I skip the "no" part in 1. as you already said that you are thinking of leaving. In my opinion and without knowing the details of your conversation, she seems to me very professional and diplomatic. If only I had half of this professionalism and even half of this "subtlety" in the jobs that I've been, I would have been a very happy person.

  • +1 This is exactly what’s going on. They find your current state to not be that of a good employee. They are saying “Hey... Either focus on the good, or maybe you should be looking for another job, because if you continue to just be an unhappy complainer it’s likely we will let you go in favor of someone who is excited about the job in the future.”
    – mxyzplk
    Commented Sep 11, 2020 at 13:18

What the HR person said was wrong. There are three ways, not two:

  1. Change the things that don't work and adjust your behaviour.
  2. Move on.
  3. Stay glued to your chair and make them pay your salary and redundancy, while looking for a new job.

It is much cheaper for the company if you quit. Therefore, you don't quit. If HR wants you to quit, that means you owe the company nothing anymore; make them pay, and especially make them pay you, if they want to get rid of you.


She gave you the freedom to interpret it as you wish.

So is it. If she had wanted to fire you, she had communicated that. If she formulates unclear, that means that she does not want to communicate what she did not. They are the experts (in theory) of the personal matters and not you.

Of course you have all the reasons to start to check your alternatives, it would be so even without this HR talk.

But, you have not got a clear message to start to seek your next job.

Other answerers would say "leave", but I think it is easy to give ideas for others, if not we need to accept the consequences.

In your case, what I would do: I would fight for my job until the last shot - but, I would also seek for the next one, for the case of a firing.

Don't resign for an unclear HR statement. Don't resign even for a clear one. Resign only if you already have your new job, and it is really much better than your current one.

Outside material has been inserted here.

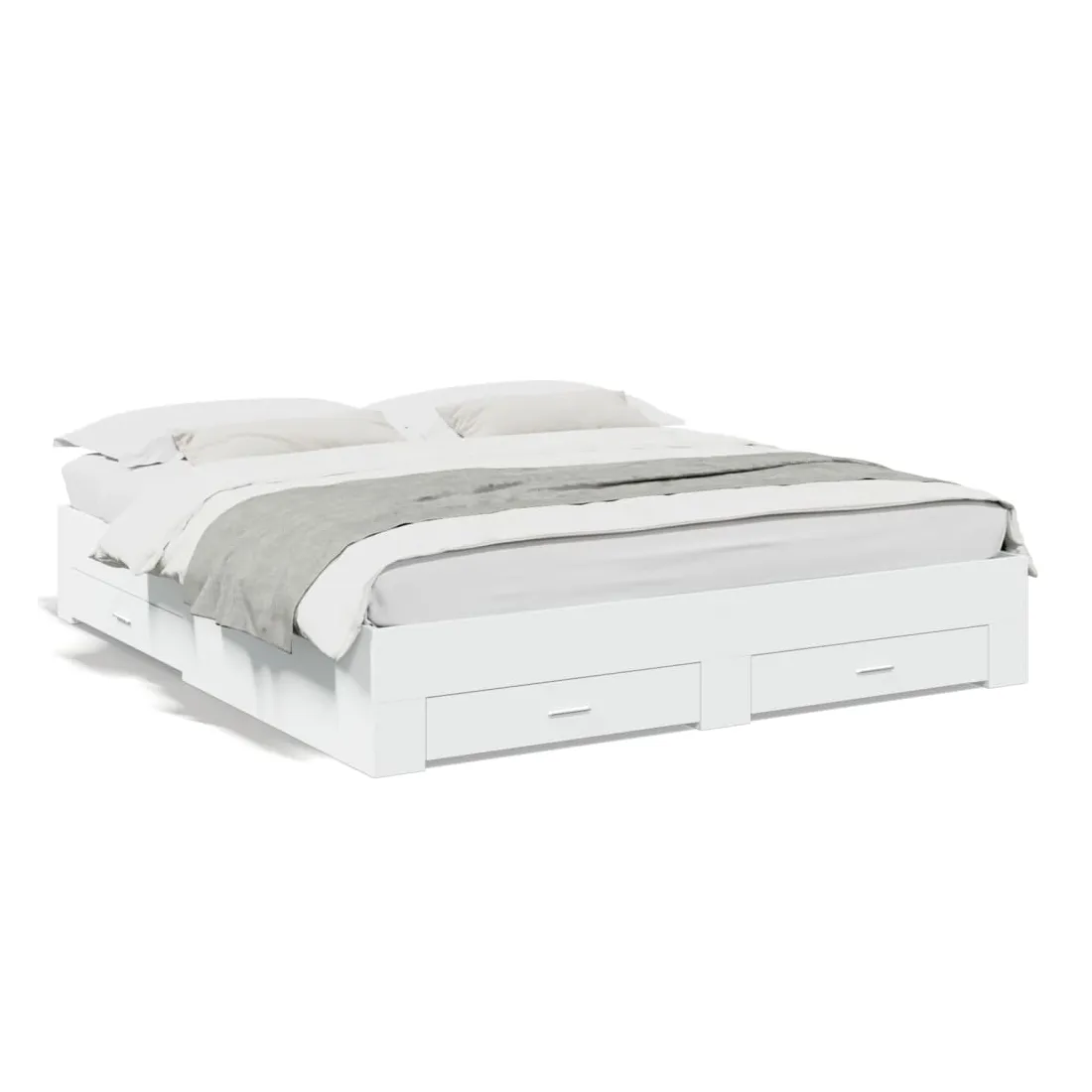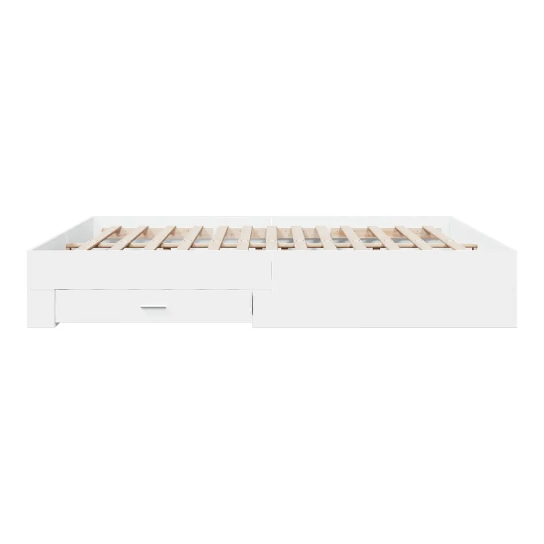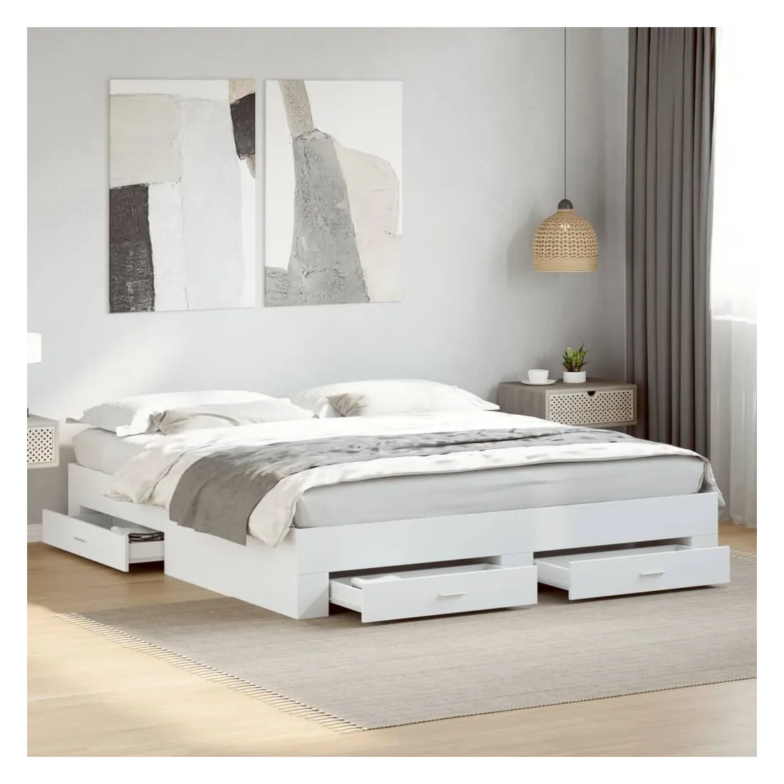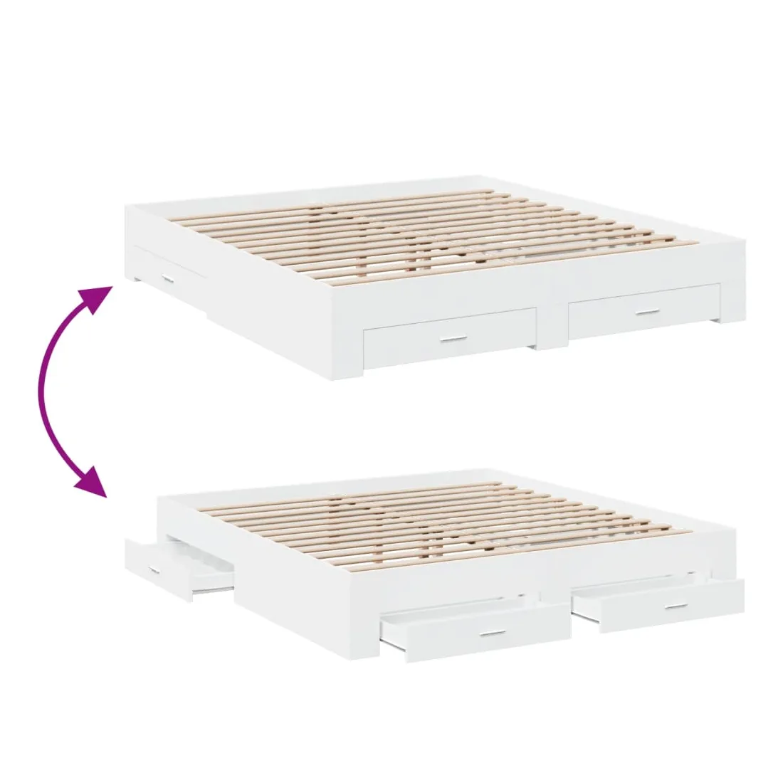 Ajoutez une touche moderne à votre chambre à coucher avec ce cadre de lit avec tiroirs ! Il apportera une touche pratique et décorative à votre espace de vie. Matériau durable : le cadre de lit est fabriquée en bois d'ingénierie. Le bois d'ingénierie est d'une qualité exceptionnelle avec une surface lisse et présente également de la résistance, de la stabilité et de la résistance à l'humidité.Lattes robustes : les lattes de contreplaqué assurent une bonne répartition du poids, garantissant que le matelas reste en place à chaque torsion de votre corps pendant le sommeil.Fonction de rangement : les tiroirs de lit inclus offrent suffisamment d'espace de rangement pour ranger vos articles essentiels, gardant votre pièce propre et bien rangée. Bon à savoir :Un matelas n'est pas inclus avec ce lit. Nous offrons une sélection variée de matelas. Vous pouvez consulter notre boutique pour trouver un matelas assorti.

"Firing you would be some extra work for us, please help us by harming your career"

This is a way to interpret, what she did.

Of course their problems are their problems, and your career is your career.

So, don't resign, but look for your next job. If they fire, you will have more chance. If they don't, you will be able to choose between a switch or to remain.

No, you don't need to make their task easier, particularly if you don't get anything back, particularly not for people considering your firing.